[Stored data entries]
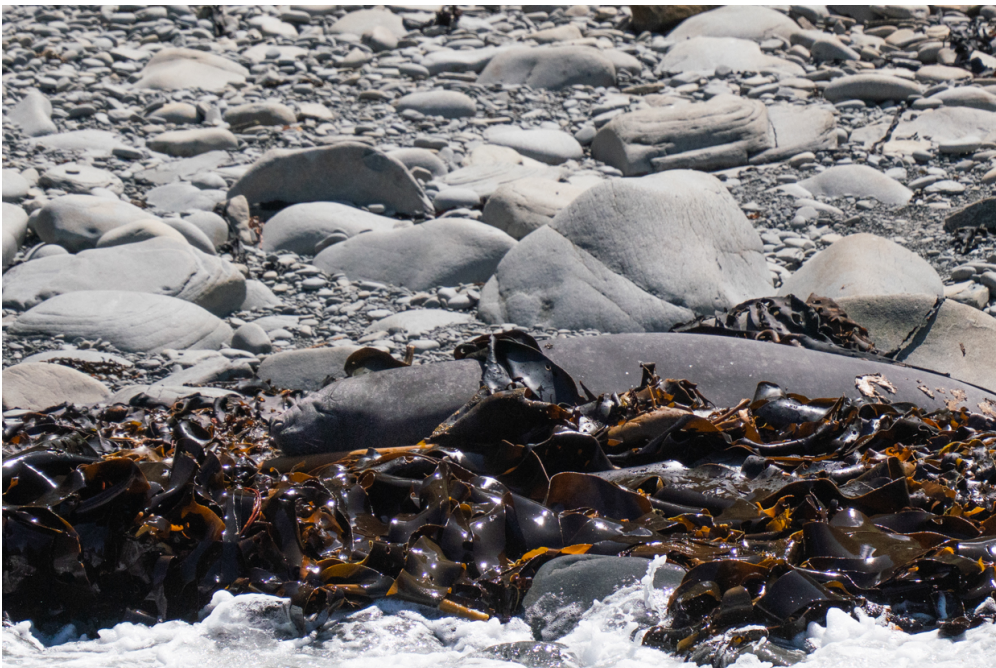
Elephant Seal
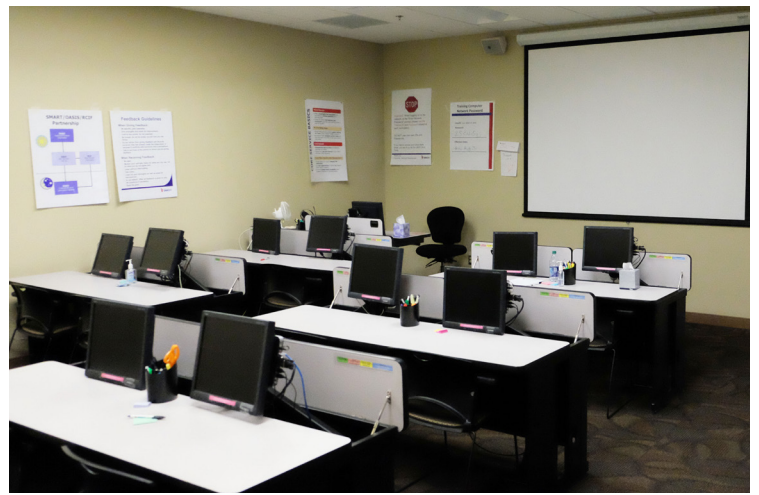
Suite 200 - 5,235 RSF
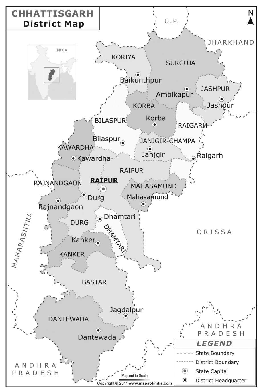
Figure 5. District of Chhattisgarh.
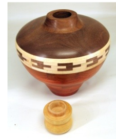
9 x 8 urn red heart
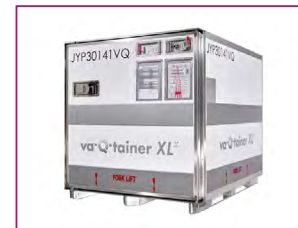
VA-Q-TAINER XLx Passive container -70°C/+25°C
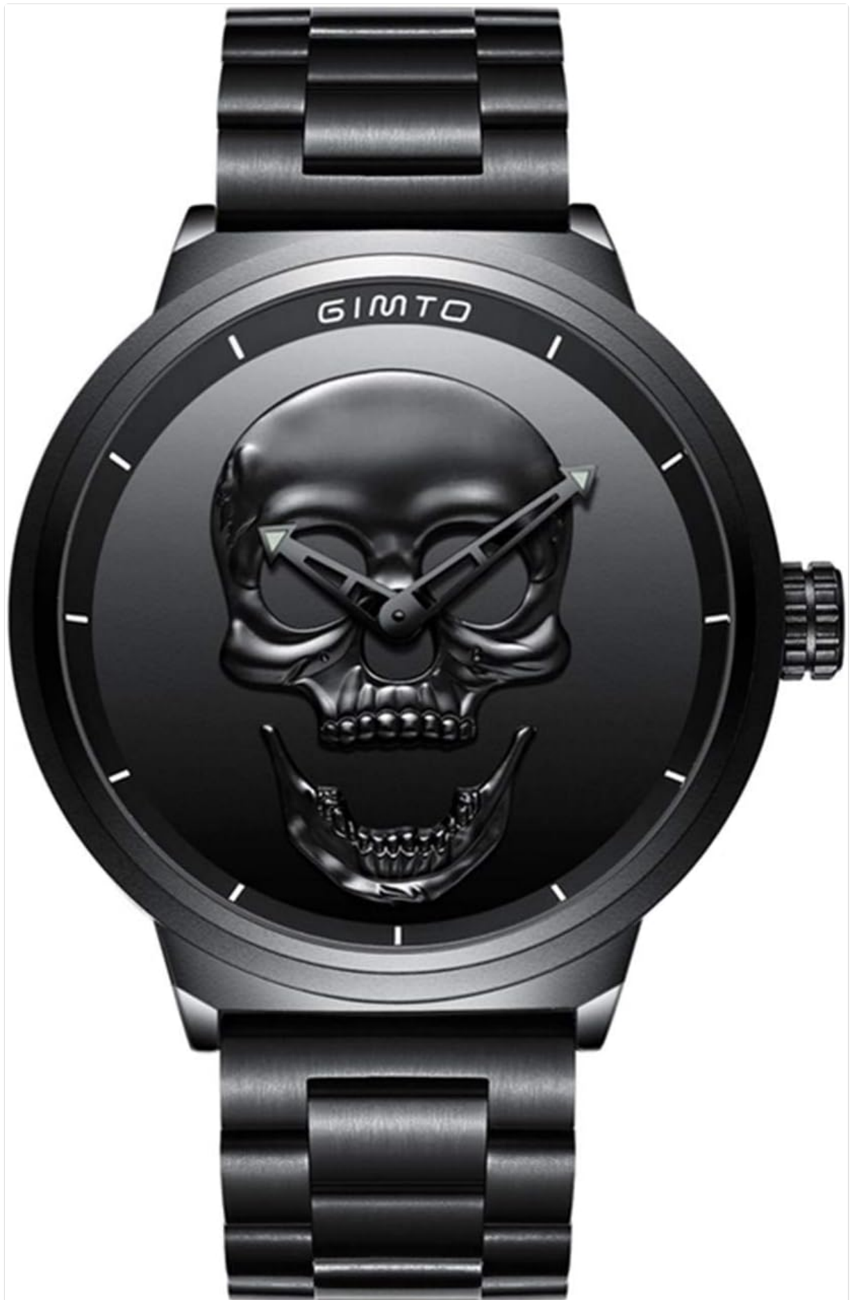
Figure 1: Front view of the Universal Stainless Steel Skull Watch. This image displays the watch face with its prominent skull design and stainless steel strap.
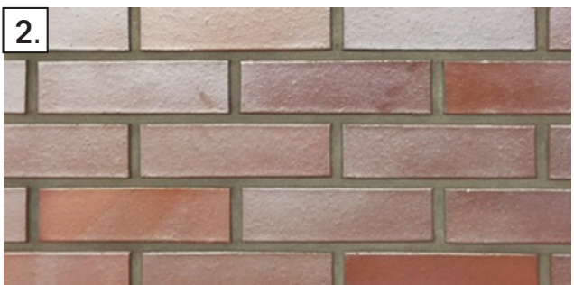
Brick Type 1, to Landmark Building and spine of lower blocks : Janinhoff Blue/blue red/8C
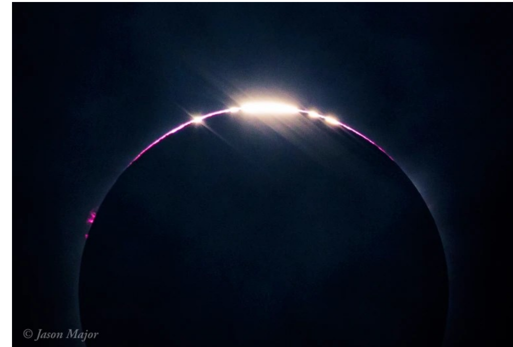
Baily's Beads, photographed at Charleston, South Carolina during the August 21, 2017 total solar eclipse.

Church Office Hours: Monday - Friday: 9am - 5pm Other Staff: By Appointment
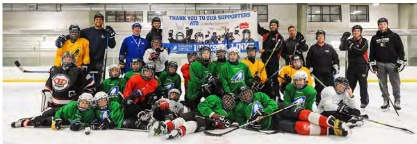
Rinks to Links – introducing kids to hockey.
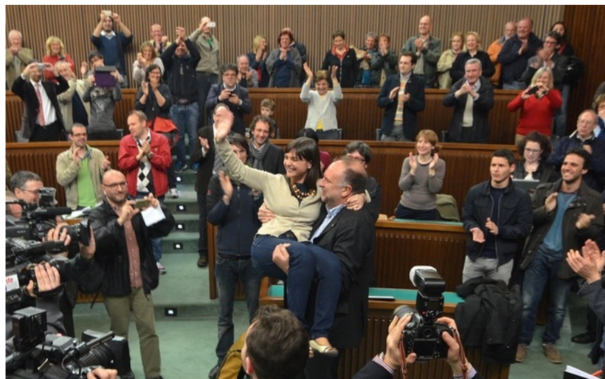
Figure 2: Cosolini carries Serracchiani again after her election as governor of Friuli Venezia Giulia in April 2013. The original caption emphasizes that the “sollevamento della sposa” (lifting of the bride) received a “standing ovation” from the audience. The article’s title condescendingly calls Serracchiani by name: “L’ingresso trionfale di Debora in Consiglio regionale a Trieste” (Debora’s triumphant entrance in the regional Council in Trieste).

party member Roberto Cosolini following their electoral wins: Cosolini was elected mayor of Trieste in 2011 and Serracchiani governor of Friuli Venezia Giulia region in 2013 (figures 1 and 2). 16

Description of the task>
Without any of the pictures, repeat the entries above word for word.

Answer section>
Elephant Seal
Suite 200 - 5,235 RSF
Figure 5. District of Chhattisgarh.
9 x 8 urn red heart
VA-Q-TAINER XLx Passive container -70°C/+25°C
Figure 1: Front view of the Universal Stainless Steel Skull Watch. This image displays the watch face with its prominent skull design and stainless steel strap.
Brick Type 1, to Landmark Building and spine of lower blocks : Janinhoff Blue/blue red/8C
Baily's Beads, photographed at Charleston, South Carolina during the August 21, 2017 total solar eclipse.

Church Office Hours: Monday - Friday: 9am - 5pm Other Staff: By Appointment
Rinks to Links – introducing kids to hockey.
Figure 2: Cosolini carries Serracchiani again after her election as governor of Friuli Venezia Giulia in April 2013. The original caption emphasizes that the “sollevamento della sposa” (lifting of the bride) received a “standing ovation” from the audience. The article’s title condescendingly calls Serracchiani by name: “L’ingresso trionfale di Debora in Consiglio regionale a Trieste” (Debora’s triumphant entrance in the regional Council in Trieste).

party member Roberto Cosolini following their electoral wins: Cosolini was elected mayor of Trieste in 2011 and Serracchiani governor of Friuli Venezia Giulia region in 2013 (figures 1 and 2). 16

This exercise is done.